Considering the great potential of calcium magnesium silicates in the field of medical applications, especially for the development of bone tissue substitutes or bone defect fillers, in this study, three different systems were designed starting from the compositions of diopside, akermanite and merwinite and subsequently produced in the form of thermally treated ceramic powders. These were characterized from multiple perspectives with the purpose of understanding the effects of different calcium content, which increases in the series: diopside < akermanite < merwinite.
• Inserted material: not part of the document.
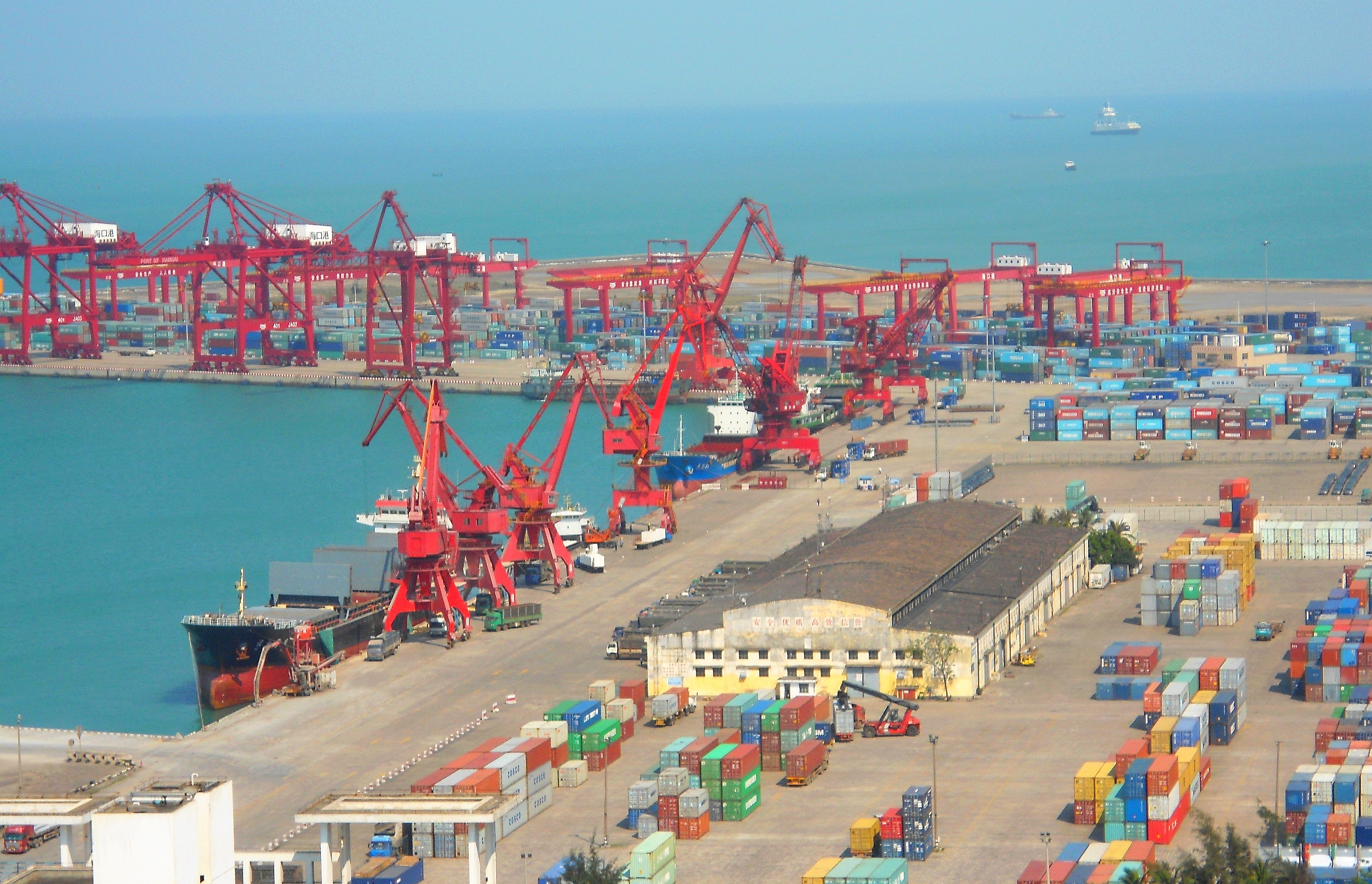 Haikou Xiuying Port, Haikou, Hainan Province, People's Republic of China

Both morphology and mineralogical composition were correlated with the processing parameters.

2. Results and Discussion

According to the definition of the sol–gel method, it implies the primary preparation of solutions or suspensions that are further processed in order to ensure the hydrolysis and polycondensation/polymerization of the constituent entities, followed by the occurrence of bridging oxygens and finally the formation of a three-dimensional structure with increasing viscosity as the gel ages; the latter is able to embed a large quantity of solvent, which opens new perspectives towards its subsequent processing. Thus, the gel can be converted into particles, fibers, film or scaffold. Moreover, the solvent content can be removed in a slow or fast manner, allowing completely different morphologies to be reached. Overall, the sol–gel approach ensures the obtaining of oxide powders with complex composition, high purity, increased homogeneity and last, but not least, small particle size.

2.1. Gels Characterization

In the first part, three gels with compositions specific to Dy, Ak and Mw were obtained. These were transparent and bulky immediately after gelation, but white, contracted and cracked after drying. Small amounts of ground gels were subjected to complex thermal analysis, the resulting curves being available in Figure 1. Analyzing comparatively the thermogravimetric behavior (WL), it can be stated that the highest weight loss corresponds to Mw, namely 66%, followed by Ak with 64% and Dy with 60%. This can be explained based on the quantity of calcium nitrate added to the precursor solution, which increased in the series: Dy < Ak < Mw. As well, the mass loss is mainly recorded below the temperature of 600 °C, since the gas-generating components are taken out by volatilization, burning or decomposition at such temperatures [51]. After this value, the solid-state reactions take place and the reduction was insignificant (3–5%), which led to the selection of 600 °C as the calcination temperature. Otherwise, the general features revealed by this investigation technique are quite similar for all three specimens, with small shifts or variations in intensity that do not change the general appearance.
According to the DrTGA curves, there are four weight loss stages, highlighted by the function minima. Moreover, DTA curves indicate at least three endothermic processes and an exothermic one below 600 °C, if we do not take into account the shoulders or the peaks with low intensity. The first stage of mass loss occurs between 40 and 170 °C, which is associated with an endothermic process, probably attributed to the removal of residual solvents or adsorbed water. The second stage of mass loss takes place between 170 and 300 °C, which is linked with an endothermic process, mainly the elimination of chemically bound water (dehydration of recrystallized nitrates and their incipient decomposition). The third stage of mass loss occurs between 300 and 420 °C and is associated with an overlap of endothermic and exothermic processes, which could indicate the first phase of nitrate decomposition and the organic residue burning. The last stage of mass loss takes place between 420 and 600 °C and is linked with an endothermic process, certainly due to the completion of nitrate decomposition. At higher temperatures, between 600 and 800 °C, several weight variations occur, presumably generated by the accidental carbonation of some species in the sample with CO2 from the atmosphere, resulting in compounds that are weakly crystalline and decarbonate in this temperature range [52,53].
Figure 2 shows the SEM images captured on the dry and ground gels with compositions specific to Dy, Ak and Mw. Irregularly branched formations with a specific morphology of polymeric material are visible; these consist of blocks with sizes between 5 and 50 μm. In places, granular entities embedded in a continuous matrix, uniform in size, can be detected. No important differences are discernible from one specimen to another because the morphology is induced at this stage by the 3D skeleton built on the oxygen bridges (Si–O–Si) arising after the hydrolysis and polycondensation/polymerization processes, with Ca and Mg ions trapped in this gel matrix.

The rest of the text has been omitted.